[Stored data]
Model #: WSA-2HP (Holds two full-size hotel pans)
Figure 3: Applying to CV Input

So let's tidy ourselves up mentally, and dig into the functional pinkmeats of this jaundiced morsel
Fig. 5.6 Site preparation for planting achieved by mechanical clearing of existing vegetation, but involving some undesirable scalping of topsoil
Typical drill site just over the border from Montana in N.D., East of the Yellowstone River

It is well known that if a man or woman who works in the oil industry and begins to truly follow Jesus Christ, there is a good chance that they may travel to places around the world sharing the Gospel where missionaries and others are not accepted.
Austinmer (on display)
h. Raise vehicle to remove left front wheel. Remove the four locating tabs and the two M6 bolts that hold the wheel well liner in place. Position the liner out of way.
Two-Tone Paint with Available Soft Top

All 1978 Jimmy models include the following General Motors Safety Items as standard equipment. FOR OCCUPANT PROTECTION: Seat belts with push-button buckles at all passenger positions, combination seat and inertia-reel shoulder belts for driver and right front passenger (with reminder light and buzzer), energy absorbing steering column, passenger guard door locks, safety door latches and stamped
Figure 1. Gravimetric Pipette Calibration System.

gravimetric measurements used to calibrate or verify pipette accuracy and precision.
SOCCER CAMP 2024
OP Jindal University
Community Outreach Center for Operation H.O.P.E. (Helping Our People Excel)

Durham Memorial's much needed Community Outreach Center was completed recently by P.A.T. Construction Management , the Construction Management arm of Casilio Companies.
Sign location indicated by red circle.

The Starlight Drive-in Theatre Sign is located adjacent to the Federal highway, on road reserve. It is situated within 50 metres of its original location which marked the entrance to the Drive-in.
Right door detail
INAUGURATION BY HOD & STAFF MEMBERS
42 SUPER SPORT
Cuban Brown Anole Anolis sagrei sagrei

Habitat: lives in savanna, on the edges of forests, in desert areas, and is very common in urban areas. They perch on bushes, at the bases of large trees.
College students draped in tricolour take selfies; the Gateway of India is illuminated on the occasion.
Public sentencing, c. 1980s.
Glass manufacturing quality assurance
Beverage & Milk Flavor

WHAT TO WORK ON:
State how many lines in the records contain the string "Sign". Give the number with no words around it.

RESULT OF THIS EXERCISE:
2